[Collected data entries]
╔══
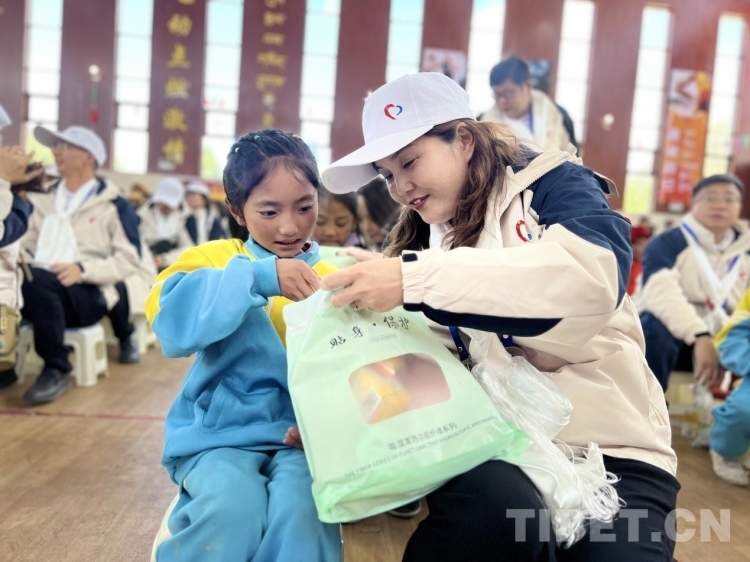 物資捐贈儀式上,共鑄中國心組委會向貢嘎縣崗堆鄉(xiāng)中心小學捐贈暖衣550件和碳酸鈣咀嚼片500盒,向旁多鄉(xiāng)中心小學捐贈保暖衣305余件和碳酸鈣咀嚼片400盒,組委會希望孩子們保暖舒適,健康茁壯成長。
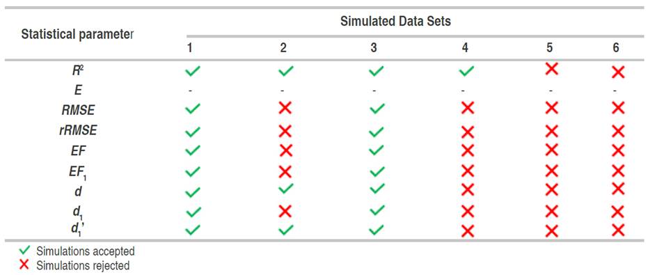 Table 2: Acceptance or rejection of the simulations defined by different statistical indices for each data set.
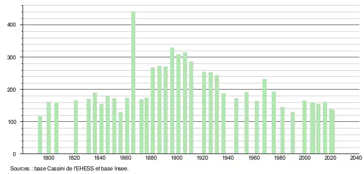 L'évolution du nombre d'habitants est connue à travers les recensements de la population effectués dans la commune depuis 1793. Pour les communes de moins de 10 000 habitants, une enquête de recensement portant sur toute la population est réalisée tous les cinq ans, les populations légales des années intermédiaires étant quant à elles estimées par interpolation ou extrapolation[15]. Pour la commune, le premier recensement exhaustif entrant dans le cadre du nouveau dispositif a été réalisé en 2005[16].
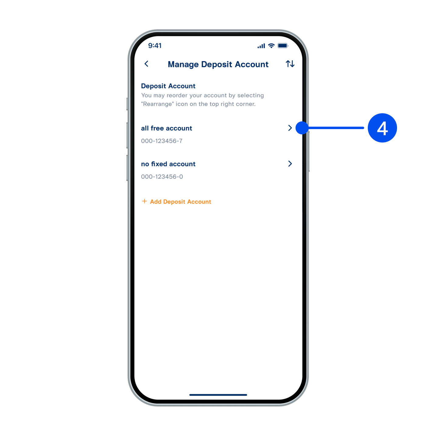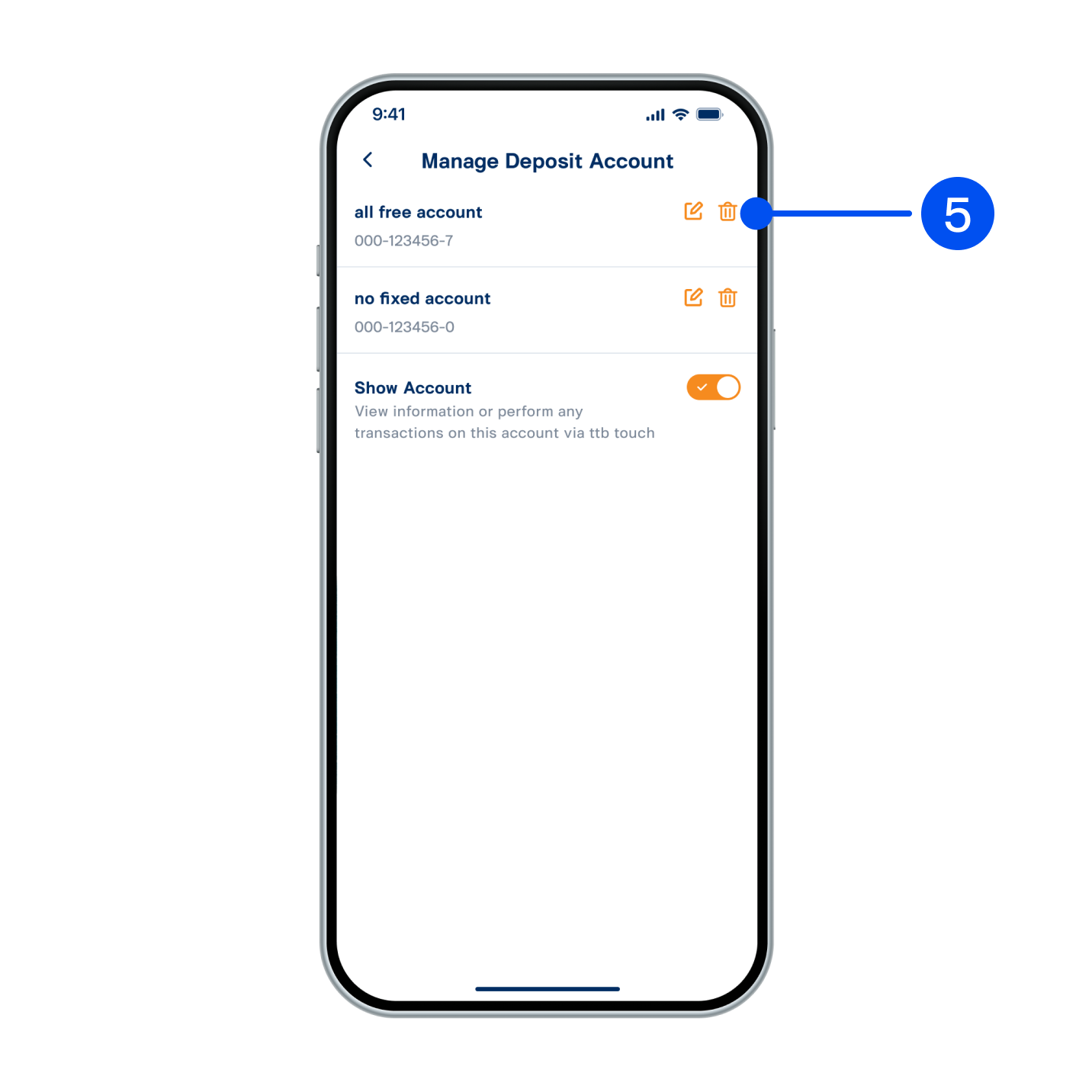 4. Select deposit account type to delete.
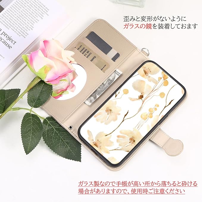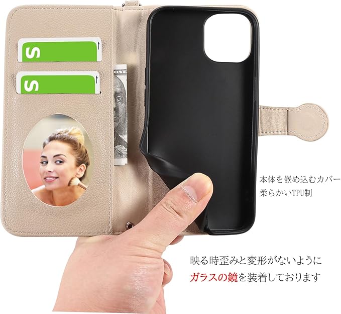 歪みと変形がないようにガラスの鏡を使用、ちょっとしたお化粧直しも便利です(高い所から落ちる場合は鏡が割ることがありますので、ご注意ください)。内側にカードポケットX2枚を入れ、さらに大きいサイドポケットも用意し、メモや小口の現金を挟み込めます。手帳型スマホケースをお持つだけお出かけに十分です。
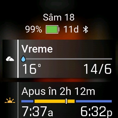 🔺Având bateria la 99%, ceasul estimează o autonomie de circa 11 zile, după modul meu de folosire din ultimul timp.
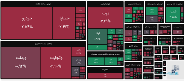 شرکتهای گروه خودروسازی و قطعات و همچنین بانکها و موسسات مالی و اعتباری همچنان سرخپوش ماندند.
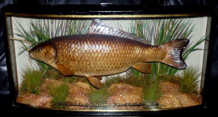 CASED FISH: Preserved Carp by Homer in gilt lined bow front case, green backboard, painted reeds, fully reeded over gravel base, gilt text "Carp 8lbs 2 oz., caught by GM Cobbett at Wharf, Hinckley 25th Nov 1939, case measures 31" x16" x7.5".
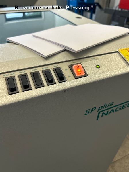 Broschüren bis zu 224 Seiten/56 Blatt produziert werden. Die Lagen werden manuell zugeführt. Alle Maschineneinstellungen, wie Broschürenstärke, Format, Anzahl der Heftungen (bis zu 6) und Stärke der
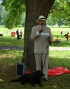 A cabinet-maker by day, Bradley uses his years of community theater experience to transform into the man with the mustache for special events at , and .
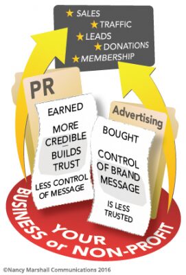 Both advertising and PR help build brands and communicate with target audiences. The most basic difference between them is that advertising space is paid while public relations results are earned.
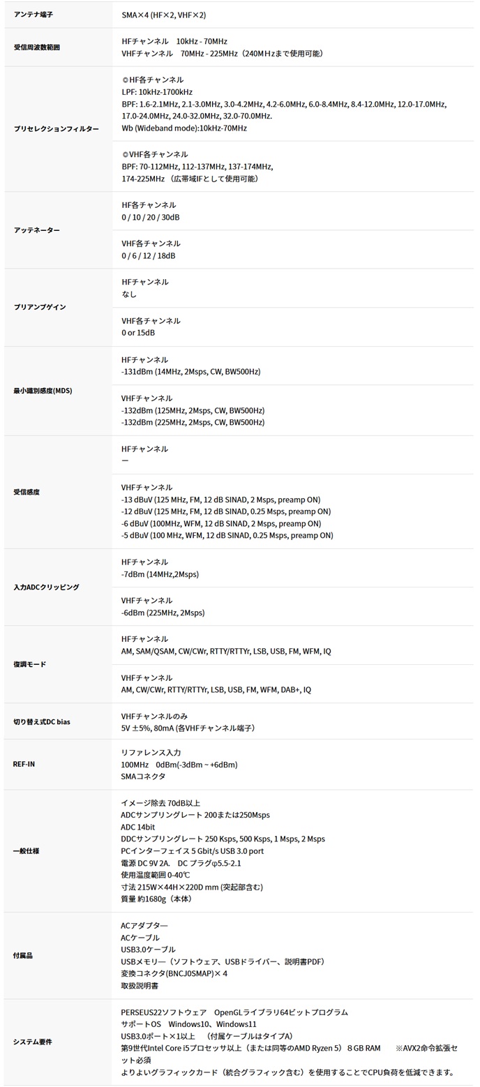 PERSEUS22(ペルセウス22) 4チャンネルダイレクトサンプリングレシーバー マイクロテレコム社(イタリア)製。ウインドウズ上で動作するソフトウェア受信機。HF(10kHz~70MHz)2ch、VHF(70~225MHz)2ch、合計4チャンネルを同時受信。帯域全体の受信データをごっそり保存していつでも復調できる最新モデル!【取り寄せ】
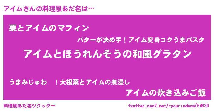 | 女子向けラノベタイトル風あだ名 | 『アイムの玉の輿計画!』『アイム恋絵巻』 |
╚══
### Exercise goal
Output nothing but the records, word for word, and none of their pictures.

### Task result
 物資捐贈儀式上,共鑄中國心組委會向貢嘎縣崗堆鄉(xiāng)中心小學捐贈暖衣550件和碳酸鈣咀嚼片500盒,向旁多鄉(xiāng)中心小學捐贈保暖衣305余件和碳酸鈣咀嚼片400盒,組委會希望孩子們保暖舒適,健康茁壯成長。
 Table 2: Acceptance or rejection of the simulations defined by different statistical indices for each data set.
 L'évolution du nombre d'habitants est connue à travers les recensements de la population effectués dans la commune depuis 1793. Pour les communes de moins de 10 000 habitants, une enquête de recensement portant sur toute la population est réalisée tous les cinq ans, les populations légales des années intermédiaires étant quant à elles estimées par interpolation ou extrapolation[15]. Pour la commune, le premier recensement exhaustif entrant dans le cadre du nouveau dispositif a été réalisé en 2005[16].
 4. Select deposit account type to delete.
 歪みと変形がないようにガラスの鏡を使用、ちょっとしたお化粧直しも便利です(高い所から落ちる場合は鏡が割ることがありますので、ご注意ください)。内側にカードポケットX2枚を入れ、さらに大きいサイドポケットも用意し、メモや小口の現金を挟み込めます。手帳型スマホケースをお持つだけお出かけに十分です。
 🔺Având bateria la 99%, ceasul estimează o autonomie de circa 11 zile, după modul meu de folosire din ultimul timp.
 شرکتهای گروه خودروسازی و قطعات و همچنین بانکها و موسسات مالی و اعتباری همچنان سرخپوش ماندند.
 CASED FISH: Preserved Carp by Homer in gilt lined bow front case, green backboard, painted reeds, fully reeded over gravel base, gilt text "Carp 8lbs 2 oz., caught by GM Cobbett at Wharf, Hinckley 25th Nov 1939, case measures 31" x16" x7.5".
 Broschüren bis zu 224 Seiten/56 Blatt produziert werden. Die Lagen werden manuell zugeführt. Alle Maschineneinstellungen, wie Broschürenstärke, Format, Anzahl der Heftungen (bis zu 6) und Stärke der
 A cabinet-maker by day, Bradley uses his years of community theater experience to transform into the man with the mustache for special events at , and .
 Both advertising and PR help build brands and communicate with target audiences. The most basic difference between them is that advertising space is paid while public relations results are earned.
 PERSEUS22(ペルセウス22) 4チャンネルダイレクトサンプリングレシーバー マイクロテレコム社(イタリア)製。ウインドウズ上で動作するソフトウェア受信機。HF(10kHz~70MHz)2ch、VHF(70~225MHz)2ch、合計4チャンネルを同時受信。帯域全体の受信データをごっそり保存していつでも復調できる最新モデル!【取り寄せ】
 | 女子向けラノベタイトル風あだ名 | 『アイムの玉の輿計画!』『アイム恋絵巻』 |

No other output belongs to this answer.